Sie haben Familie und Freunde in den USA. Wie nehmen Sie die Stimmung dort wahr eine Woche vor der Wahl?

Heinrich Bedford-Strohm: Die Stimmung ist extrem angespannt, das Land tief gespalten, bis in die Familien hinein. Politik ist ein Thema geworden, über das man sich nicht mehr zu reden traut, weil es so emotional besetzt ist. Ehepartner, die anders denken, klammern das Thema aus, um die Beziehung nicht zu vergiften. Die einen sind verzweifelt über Trump und würden in eine tiefe Depression rutschen, wenn er wiedergewählt würde. Die anderen jubeln. Das ist auch für mich, der ich dieses Land liebe, sehr traurig. 

Thomas Meyer/Ostkreuz

Heinrich Bedford-Strohm

Prof. Dr. Heinrich Bedford-Strohm, Jahrgang 1960, ist seit 2011 Landes­bischof der Evangelisch-Lutherischen ­Kirche in Bayern. Bis November 2021 war er Ratsvorsitzender der Evangelischen Kirche in Deutschland (EKD) und Herausgeber des Magazins chrismon. Bevor er Bischof wurde, war er an der Universität Bamberg Professor für Systematische Theologie und theologische Gegenwartsfragen.
Tim Wegner

Claudia Keller

Claudia Keller ist Chefredakteurin von chrismon. Davor war sie viele Jahre Redakteurin beim "Tagesspiegel" in Berlin.
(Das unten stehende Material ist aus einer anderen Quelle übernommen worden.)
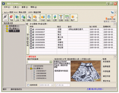 "短信王"的彩信模塊操作起來非常方便。以某服裝專賣店為例,通過使用"短信王"的企業(yè)彩信功能,它可以向廣大會員顧客發(fā)送最新的服裝款式信息,而這個信息除了文本介紹外,同時還附帶清晰的圖片。會員足不出戶就可以在第一時間看到最新的上架服裝,并對自己喜歡的款式回復短信下單。會員享受了超值服務、節(jié)省了時間,對于服裝店來說,也獲得了一種高效的經(jīng)營方法并加深了與客戶之間的關系。
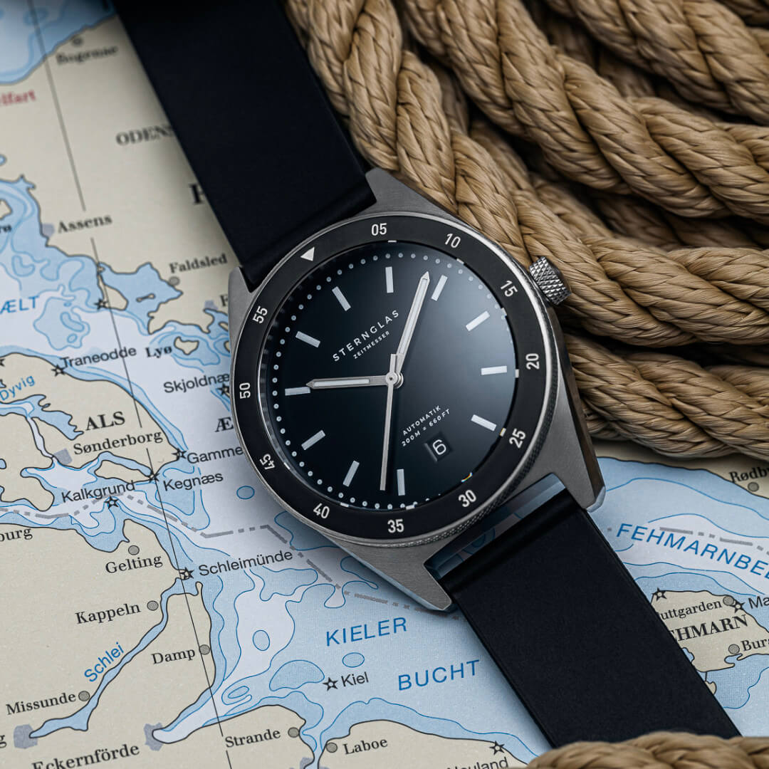 Ein klar gestaltetes Zifferblatt, die drehbare Lünette und eine markante Gehäusekonstruktion machen die Marus zum sportlichen Hingucker.

Ist die Demokratie beschädigt?

Grundlegende Regeln des demokratischen Diskurses gelten nicht mehr. Fake News ist ein geflügeltes Wort geworden, viele unterscheiden nicht mehr zwischen Wahrheit und Lüge und glauben nur das, was in ihrer eigenen Blase kommuniziert wird. Das Weltbild von Trump-Anhängern ist durch nichts zu verunsichern, egal, was der Präsident tut. Argumente zählen nicht mehr, sondern hoch geputschte Gefühle, die zum Teil nichts mehr mit der Realität zu tun haben. Wie kann man dem demokratischen Diskurs, dem Austausch von Argumenten, was ja die Grundlage der Demokratie ist, wieder zur Geltung verhelfen? Viele sind ratlos.

In den USA spielt die Religion für die Politik eine zentrale Rolle. Wie wirkt sich das aus?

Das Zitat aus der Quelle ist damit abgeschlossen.